The SpaceX Falcon 9 EchoStar XXIII launch was originally scheduled for March 14, but was rescheduled to March 16 due to bad weather. Although there were delays, the launch was completed early Thursday.

The heavyweight payload (estimated at six tons) demanded more effort from the Falcon 9 rocket, therefore no return trip was initiated. The rocket's own weight was trimmed down to make way for its heavy payload by eliminating landing gears and reserve fuel for the trip back that took up space and weight during launches.

This is the first Falcon 9 to be used without landing gears in almost two years, according to Space.com. The successful launch was to fulfill pending SpaceX contracts that were affected by the company's suspension in late 2016. The company is expected to perform more launches in the coming months in order to catch up with its pending obligations to its clients.

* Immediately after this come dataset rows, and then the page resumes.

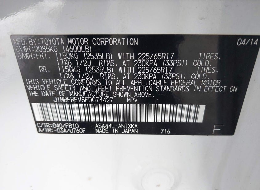 - VIN: JTMBFREV8ED074427
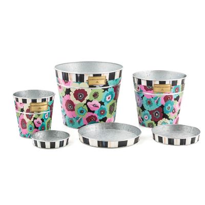 Put your prettiest posies on display with this set of three galvanized metal pots of varying sizes and accompanying saucers, decorated with a festive floral pattern and Courtly Stripe and finished with the MC nameplate.
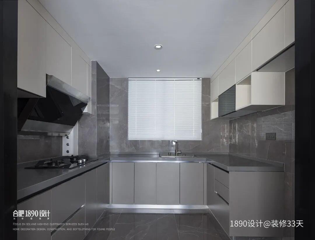 ▲ 厨房U型布局,通铺灰色瓷砖,橱柜采用上下分色,吊柜局部留空满足不同收纳需求

SpaceX hosted a comprehensive webcast with the video being supported by experts input during the duration of the launch. Narrators explain the stages of the EchoStar XXII launch as it happens to make it easier to watch and understand.

The live webcast followed the rocket until stage 2, where Falcon 9 brought EchoStar XXIII to space. Once the rocket becomes operational in the geostationary transfer orbit, it will provide its service to Brazil in approximately 15 years.